If the first ball was red, the urn now has 7 red and 5 black (12 total), so P(\text{2nd red}|R_1)=\dfrac{7}{12}. If the first ball was black, the urn now has 5 red and 7 black (12 total), so P(\text{2nd red}|B_1)=\dfrac{5}{12}.
By the theorem of total probability, P(\text{2nd red})=\dfrac12\times\dfrac{7}{12}+\dfrac12\times\dfrac{5}{12}=\dfrac{7}{24}+\dfrac{5}{24}=\dfrac{12}{24}=\dfrac12.

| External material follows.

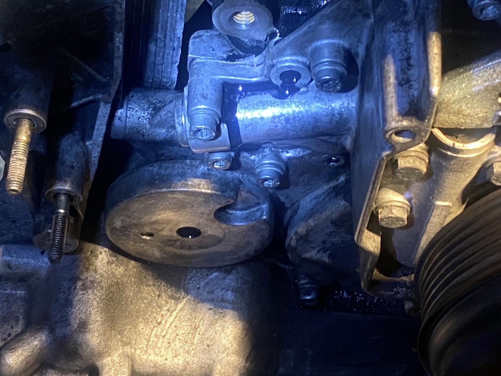 При ближайшем рассмотрении выяснилось, что течь происходит в районе чуть выше крепления натяжного ролика ручейкового ремня из под прокладки между блоком цилиндров и передней крышкой. Поджатие болтов, которыми крепится крышка, ничего не дало.

Let E_1: bag I is chosen, E_2: bag II is chosen, both with P(E_1)=P(E_2)=\dfrac12. Let A: the ball drawn is red.
P(A|E_1)=\dfrac48=\dfrac12 and P(A|E_2)=\dfrac28=\dfrac14.
By Bayes' theorem, P(E_1|A)=\dfrac{P(E_1)P(A|E_1)}{P(E_1)P(A|E_1)+P(E_2)P(A|E_2)}=\dfrac{\frac12\times\frac12}{\frac12\times\frac12+\frac12\times\frac14}=\dfrac{1/4}{1/4+1/8}=\dfrac{1/4}{3/8}=\dfrac23.
Let E_1: student is a hosteller, E_2: student is a day scholar. P(E_1)=0.6, P(E_2)=0.4.
Let A: student attains an A grade, with P(A|E_1)=0.3 and P(A|E_2)=0.2.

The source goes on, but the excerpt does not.